On the other hand ... while he has done well in the G League and been fortunate enough to sign three NBA contracts, he’s also been waived three times over the past three years.

This past spring, following a solid 2022-23 season with the Capital City Go-Go (the Wizards’ G-League team), Dotson returned home to Charlotte, where he has been working out religiously and playing high-level pickup games at UNC Charlotte maybe twice a week. He told us, at the end of July, that he was weighing invitations he’d received to attend multiple NBA teams’ training camps, which start in September.

Of course, whichever team’s camp he settles on, he’ll still have to earn a contract offer there.

Meanwhile, he is well aware he could probably forgo the NBA to have a prosperous career overseas — maybe even in the top-tier EuroLeague, which offers salaries that can eclipse $1 million.

“But I’m young right now. I’m 23,” said Dotson, fresh off a grueling training session at Velocity Sports Performance in Pineville, when asked about the prospect of international play.
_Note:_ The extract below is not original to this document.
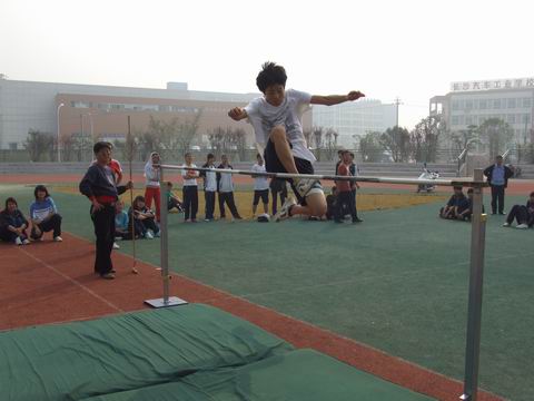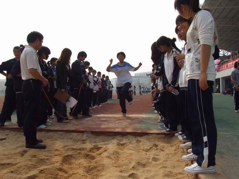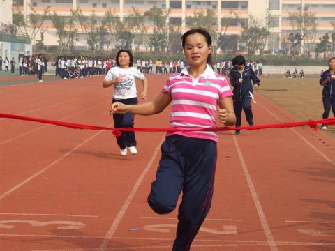 赛场上体育健儿们挥洒汗水,力争荣耀。看,裁判员“预备---跑”一声令下,100米短跑中,运动员如离弦箭似的冲向前方;1500米长跑选手虽筋疲力尽,但在同学的鼓励下,咬紧牙关尽力往前冲,直到迈向终点。听,那边赛场传来阵阵欢呼声,原来是1001班邓刚飞,如燕子穿梭,完全飞到横杆之上再次越过1.44米的新高度,用双腿形成斗志与力量的夹角。瞧,1002班的邓朴,在跳远项目中,轻盈的起跳动作,空中的走步表演, 引起阵阵惊叹,落地的瞬间,现场一片沸腾。其中1004班的李玲同学获得100米和跳远的双项冠军,1001班邓刚飞获得800米和跳远的冠军,他们成为了运动员中最为耀眼的明星。

If he hasn’t landed a permanent NBA role in another three to four years, he might explore that route. At present, though, “I’m just not ready to pack up things and go over there.”

No, he wants to focus on the NBA.

It just so happens that, on the day we met him in June, the NBA Finals matchup between the eventual champion Denver Nuggets and the Miami Heat was tied 1-1. And when the topic of the series came up, Dotson talked about how inspiring it was to him, and why.

“There’s seven undrafted guys on the Heat,” he said, “so it’s like, Yo man, you’re still good. Just adds to the motivation. ... I mean, these seven guys weren’t drafted, and they’re in the NBA Finals, making an impact with the team. So it’s definitely possible. It’s not impossible.”

“I’m close, man. I just gotta get over that hump.”